Aim of the exercise: Please give back, exactly as written, the lines from the line with "[快速出貨] 繽紛千鳥格紋腰果印花47X150雪紡紗圍巾 6色任選*Sukie* |" to the line with "1937 celebrity Československa" in the listing below, leaving out all pictures.

(Beginning of Supplied information)

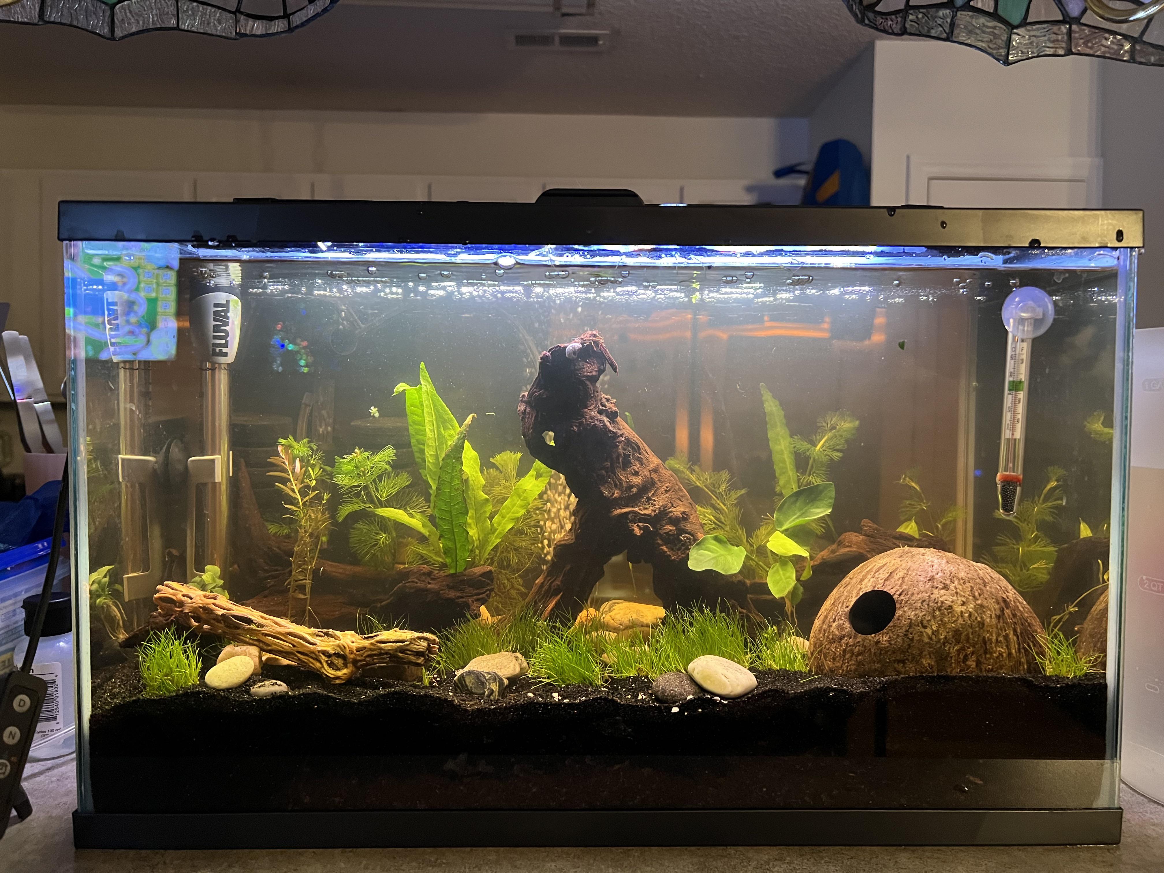 I have 1 inch of organic topsoil topped with 1.5 inches of sand, plus several pieces of driftwood, cholla wood, a coconut hut, and some rocks. I have a bunch of java fern and multiple anubias, plus nano petite anubias. I’ve planted some dwarf har grass up front and have multiple cabomba in the back, plus a rosette sword. There is some rotala as well that’s been in my tank since the start, but it’s not looking great. Also have a crypt that arrived yesterday, but it was completely melted. Root system looked good though so hopefully she’ll make a reappearance!
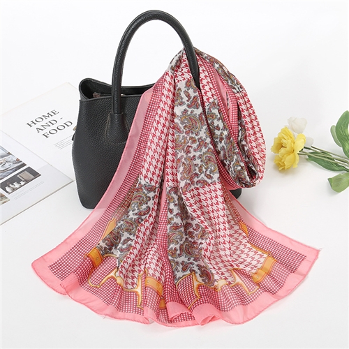 [快速出貨] 繽紛千鳥格紋腰果印花47X150雪紡紗圍巾 6色任選*Sukie* |
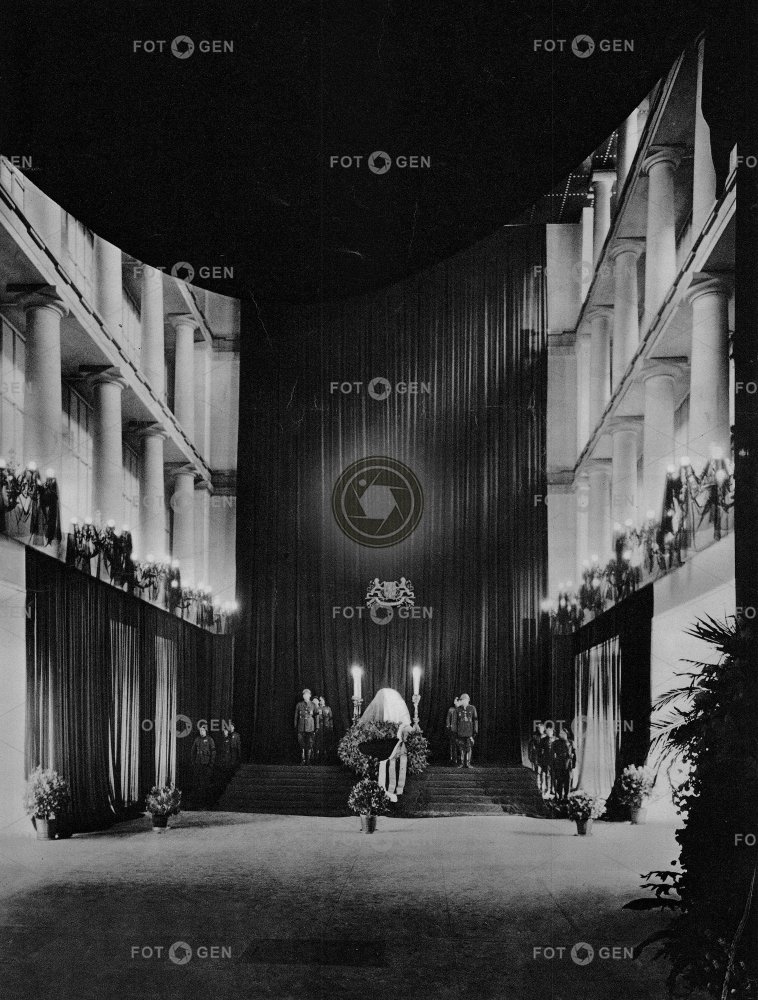 1937 celebrity Československa Československý event hrad katafalk osobnosti Osvoboditel Plečnikova pohřeb Pražský prezident první rakev síň sloupcová smrt smuteční T.G. Masaryk tatíček Tomáš Garrigue Masaryk událost úmrtí věnec
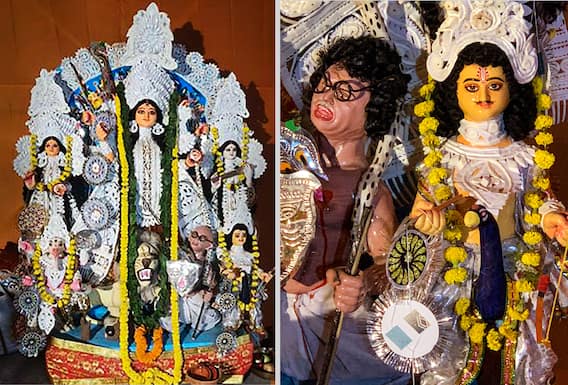 কলকাতার রুবির মোড়ের কাছে কসবায় হিন্দু মহাসভার তরফে এই বছরেই প্রথমবার দুর্গাপুজোর আয়োজন করা হয়েছে। সেখানেই দেখা যায় দেবী দুর্গার পায়ের তলায় থাকা অসুরের চেহারা যেন মহাত্মা গাঁধীর মতো। ওই পুজোর অসুরের মূর্তিতে ছিল মাথাজোড়া টাক। চোখে রয়েছে গোলাকৃতি চশমা। অসুরের হাতে রয়েছে লাঠি। আর সেই অসুরের বুকে ত্রিশূল বিঁধিয়েছেন দেবী দুর্গা। এমন ঘটনা সামনে আসতেই শুরু হয় প্রবল চাপানউতোর।

(End of Supplied information)

Task solution:
 [快速出貨] 繽紛千鳥格紋腰果印花47X150雪紡紗圍巾 6色任選*Sukie* |
 1937 celebrity Československa Československý event hrad katafalk osobnosti Osvoboditel Plečnikova pohřeb Pražský prezident první rakev síň sloupcová smrt smuteční T.G. Masaryk tatíček Tomáš Garrigue Masaryk událost úmrtí věnec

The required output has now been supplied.